African-Americans on Screen, and this blog

What is the point of this blog? In conception it hopes to offer a form of expression for students, staff and volunteers around the Bill Douglas Centre.The curator also hopes that classes using BDC artefacts can use the blog as a forum for discussion around teaching and research. In honesty, I myself know no more about film than a casual film-goer, so what follows will utilise simply what I have learnt from working on a cabinet for Black History Month. I hope to inspire others to write about projects they have been involved in or publish thoughts which are bottled up inside after volunteering here, people knowing less or more than me.

As mentioned, I helped to compose a cabinet for Exeter Univeristy’s Black History Month. With the articles we chose he hoped to chart the change in Black representation and participation in cinema, with particular focus on America. This included early lantern slides, named (gallingly for a modern observer) ‘Ten Little Nigger Boys’ (I myself continually referred to them at ‘Ten Little Ninja Boys’) and ended with Eddie Murphy’s, Shrek character, Donkey. 

‘Ten Little Nigger Boys’, though titled in an unsavoury fashion and deplorable in morality, was a small smear in Black representations in comparison with the reach and impact of the white-supremacist ‘Birth of a Nation’. White actors blacked-up and depicted black men as unintelligent and sexually agressive to white women, whereas Klu Klux Klan origins are represented as heroic. In, classic, ‘Gone With the Wind’ the presentation of Black people has been criticised as being akin to ‘Birth of a Nation’. Black people represented as servant slaves, lacking independence and dutiful to their white masters. These negative depictions are harrowing, perhaps especially so as, at least in the latter case, they are often viewed as seminal works of cinema.

Paul Robeson

Paul Robeson

As Black people were more accepted in society as a whole, so began a steady influx of Black actors eventually ending with Black people as leading stars and directors.

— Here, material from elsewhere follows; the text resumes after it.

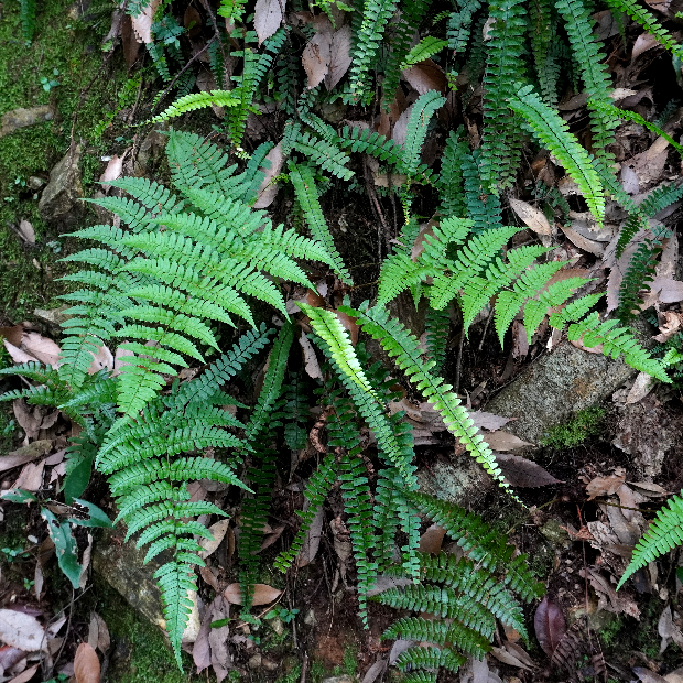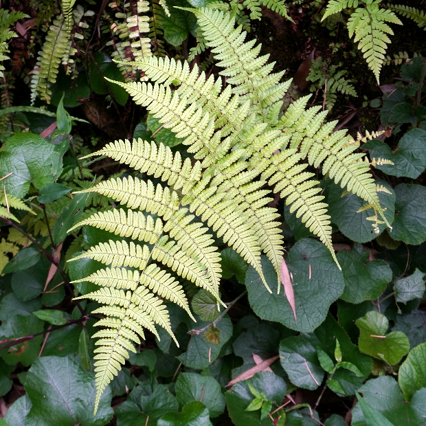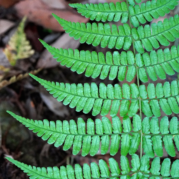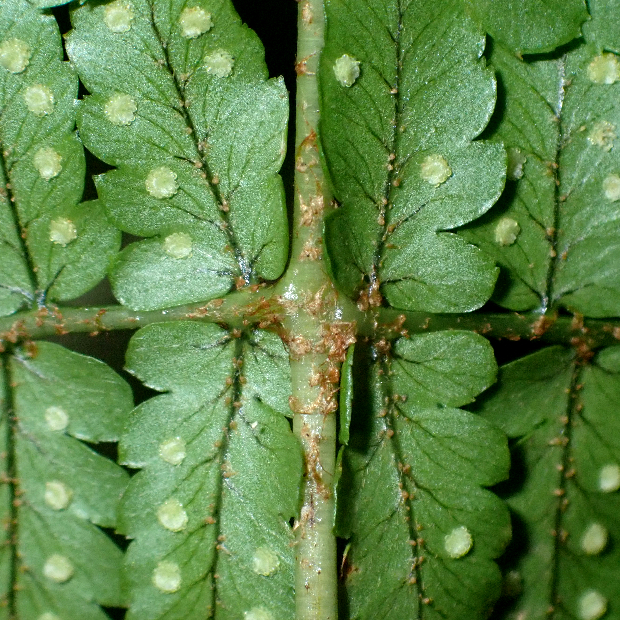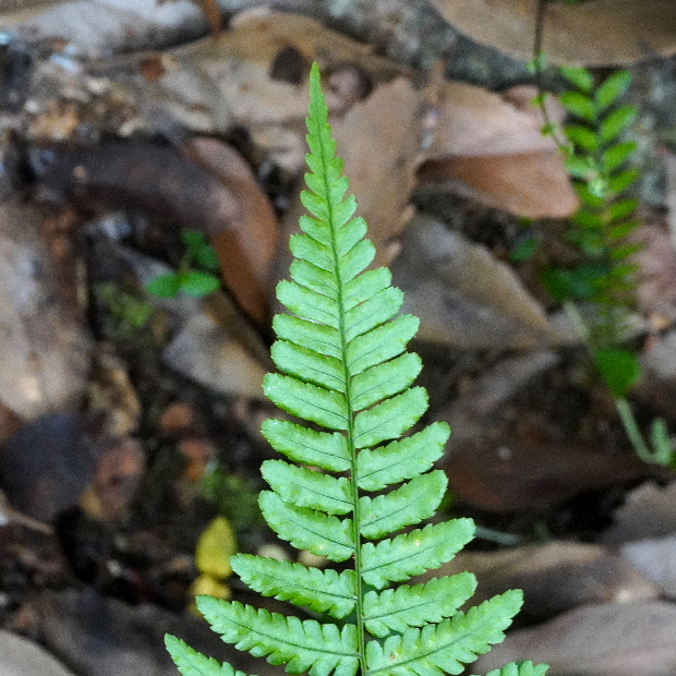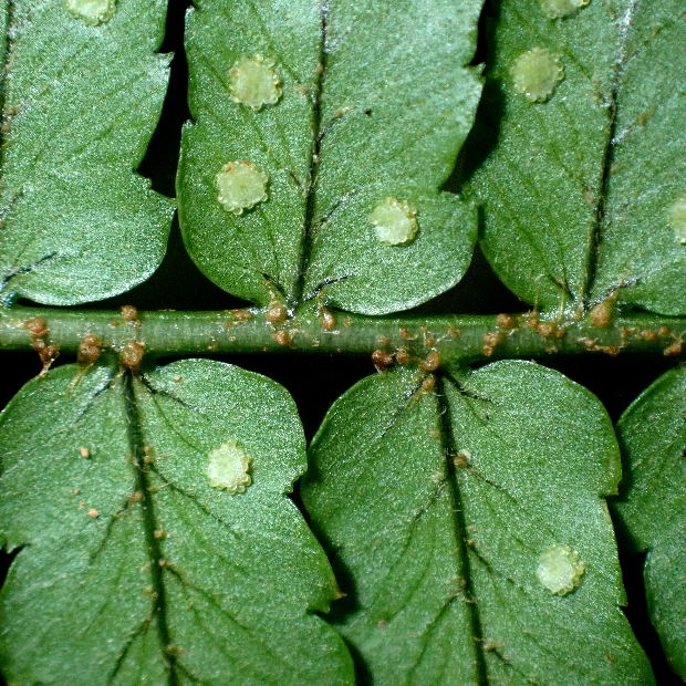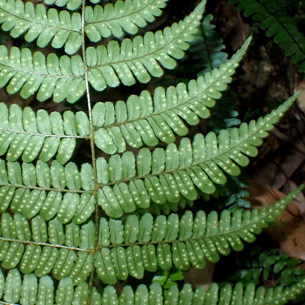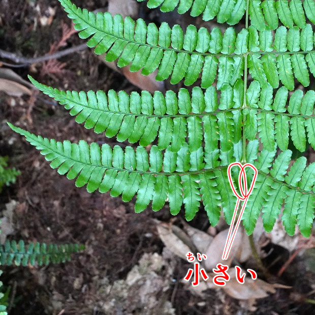 最下羽片の葉軸に接する下向き小羽片は、 となりの小羽片より小さい。

Paul Robeson was one of the trail-blazers of this influx, working prior to the Civil Rights movement, and directed and starred in his films. Our cabinet contained a photograph of him and the book of his film Sanders of the River, which he disowned for its depiction of Africans and apparent vindication of imperialist aims. The next figure we focussed on was Sidney Poitier, the first mainstream black star and male Oscar winner. His film ‘Guess Who’s Coming To Dinner’ portrayed interracial marriage in a positive manner. The signs of an improvement of depiction can be seen here.

Pioneers like Paul Robeson and Sidney Poitier led the way for the Black people we currently have on, and behind, our cinema screens. Spike Lee’s ‘Do The Right Thing’ was a seminal black film and is considered a classic. Eddie Murphy has been a star since the 80s. Who doesn’t want a voice like Samuel L Jackson and the effortless coolness of Will Smith? Positive representations of Black people in film is now strong. The journey of Black people in cinema can thus be tracked from racist representation to positive role-models and icons of cinema. Society still has its troubles with racism, but through cinema we have seen, and do see, positive and truthful representations of Black people.

The difficult issues around race in cinema continue however. With the recent ‘The Help’, which attempts to expose the racism maids face from white families, positively winning an Oscar (Olivia Spencer, Best Supporting Actress) and being nominated for Best Picture this positive trend seems to be continuing. Yet the film has been met with criticisms as it is seen as patronising, the White protagonist fixing racism for Black people. Race is still, then, a contentious issue and something which cinema has yet to reconcile.

So, there is what I, a third year Ancient History student, learnt during my first bit of work for the Bill Douglas centre. Here I invite you to get involved in this blog. Tell your own stories of what you’ve done, maybe an artefact has caught your eye or you have not expressed something of film in an essay you’ve written or lecture you’ve given. I hope that this blog becomes a platform for discussion, and invoke interest in the endless depth to be found in the Bill Douglas Centre as a resource.